To ligate or sclerose: Beginning of a new era in the management of esophageal varices?



Background. Endoscopic sclerotherapy is an accepted treatment for bleeding esophageal varices, but it is associated with substantial local and systemic complications. Endoscopic ligation, a new form of endoscopic treatment for bleeding varices, may be safer. We compared the effectiveness and safety of the two techniques.

Methods. In this randomized trial we compared endoscopic sclerotherapy and endoscopic ligation in 129 patients with cirrhosis who had proved bleeding from esophageal varices. Sixty-five patients were treated with sclerotherapy, and 64 with ligation. Initial treatment for acute bleeding was followed by elective retreatment to eradicate varices. The patients were followed for a mean of 10 months, during which we determined the incidence of complications and recurrences of bleeding, the number of treatments needed to eradicate varices, and survival.
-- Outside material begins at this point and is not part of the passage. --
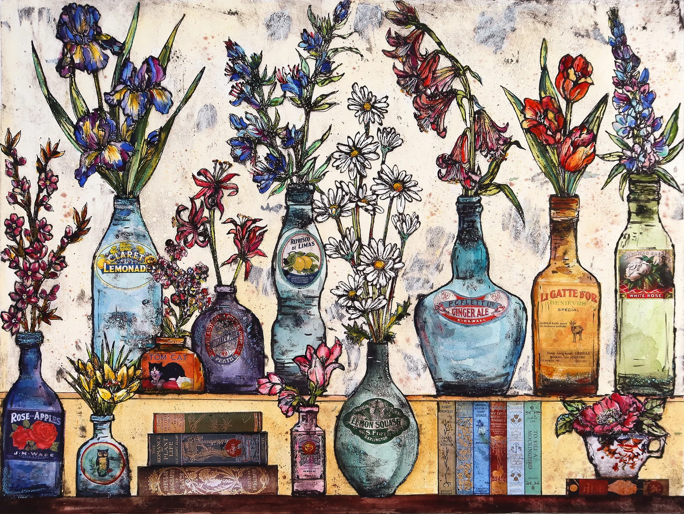 The Cut Garden 2: Contemporary colourful florals and abstract garden paintings in collage and mixed media.
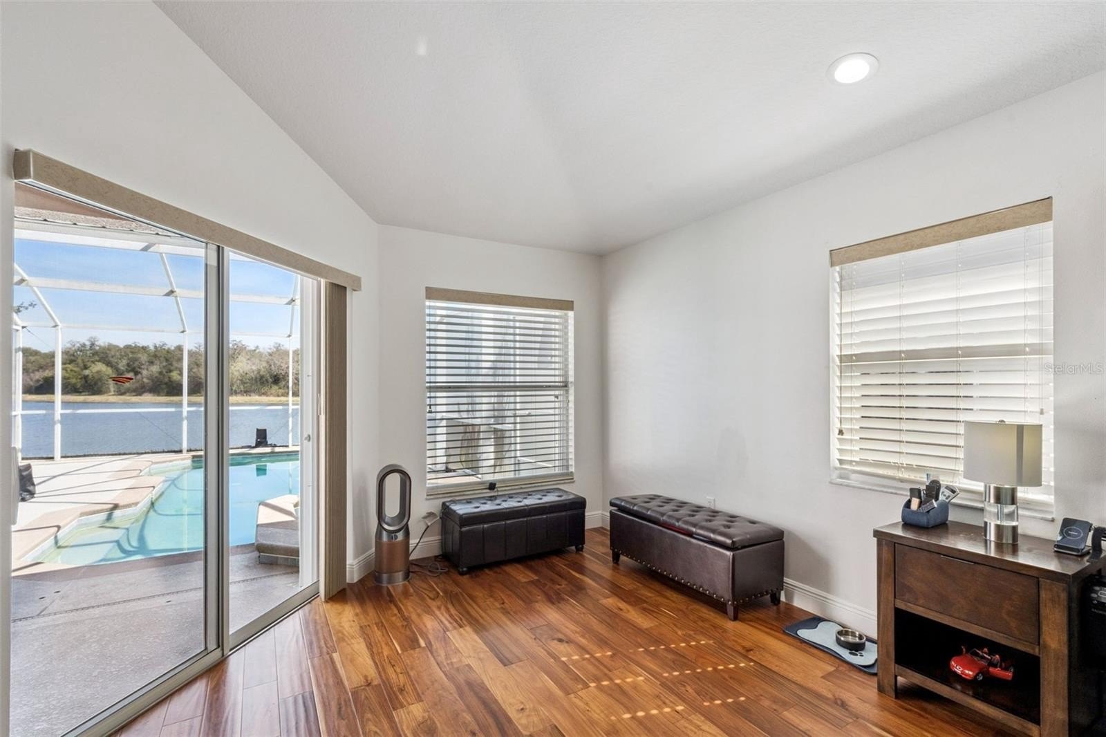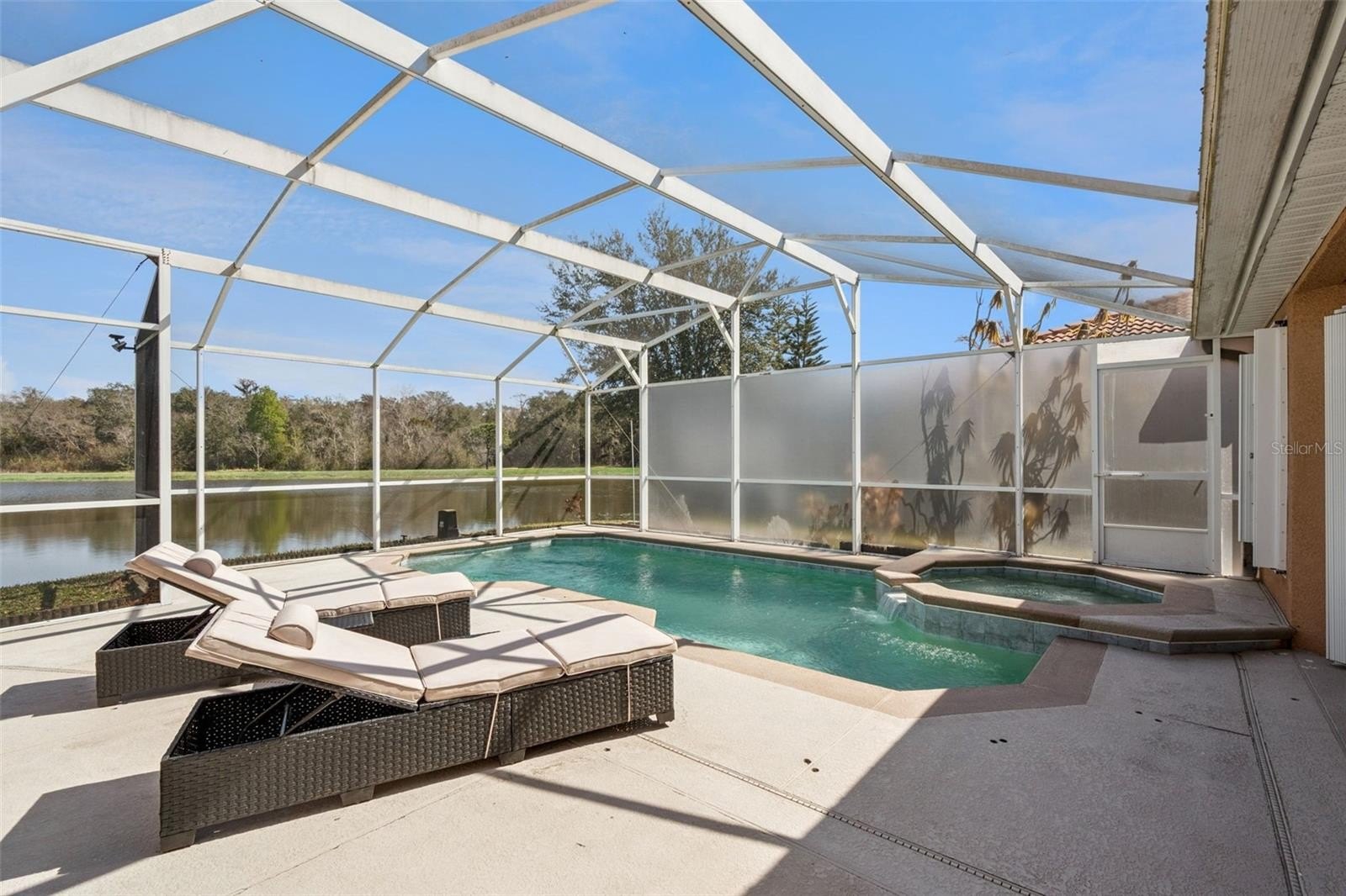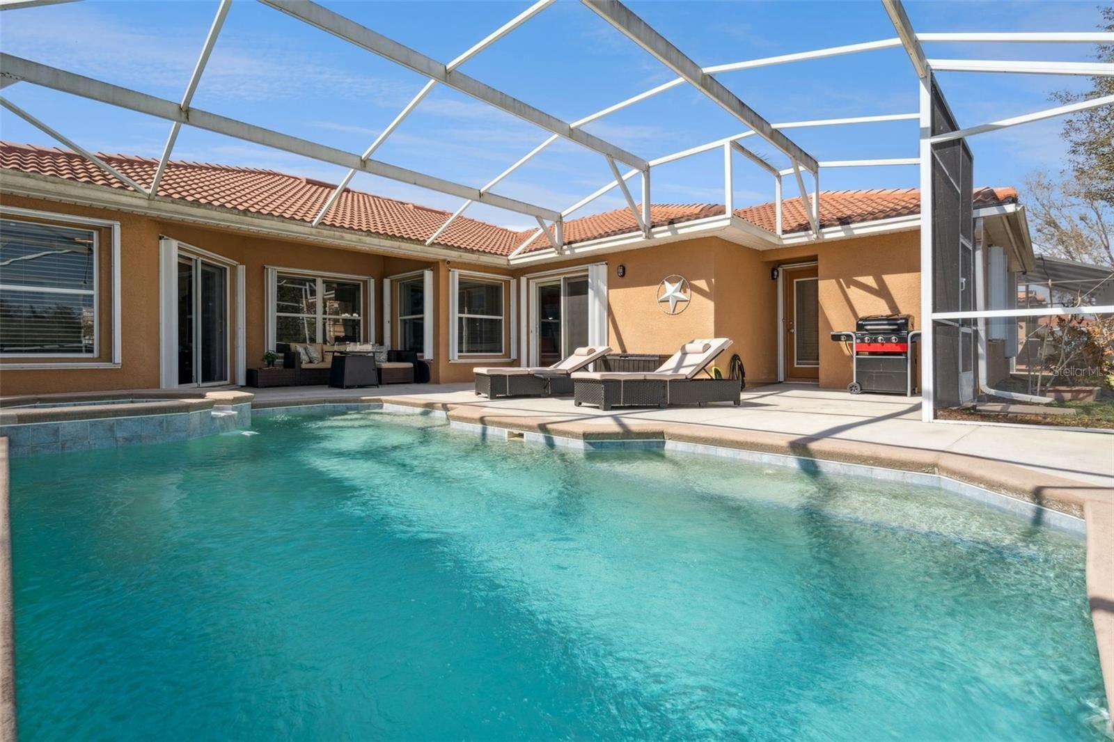Welcome to this gorgeous one-story home featuring a double door entrance and open floor plan. This well-maintained property captures serene water views from multiple rooms, along with a spacious screened-in lanai overlooking a private pool and beautifully landscaped patio.

Results. Active bleeding at the first treatment was controlled by sclerotherapy in 10 of 13 patients (77 percent) and by ligation in 12 of 14 patients (86 percent). Slightly more sclerotherapy-treated patients had recurrent hemorrhage during the study (48 percent vs. 36 percent for the ligation-treated patients, P = 0.072). The eradication of varices required a lower mean (± SD) number of treatments with ligation (4 ± 2 vs. 5 ± 2, P = 0.056) than with sclerotherapy. The mortality rate was significantly higher in the sclerotherapy group (45 percent vs. 28 percent, P = 0.041), as was the rate of complications (22 percent vs. 2 percent, P < 0.001). The complications of sclerotherapy were predominantly esophageal strictures, pneumonias, and other infections.

Conclusions. Patients with cirrhosis who have bleeding esophageal varices have fewer treatment-related complications and better survival rates when they are treated by esophageal ligation than when they are treated by sclerotherapy. N Engl J Med 1992;326:1527–1532.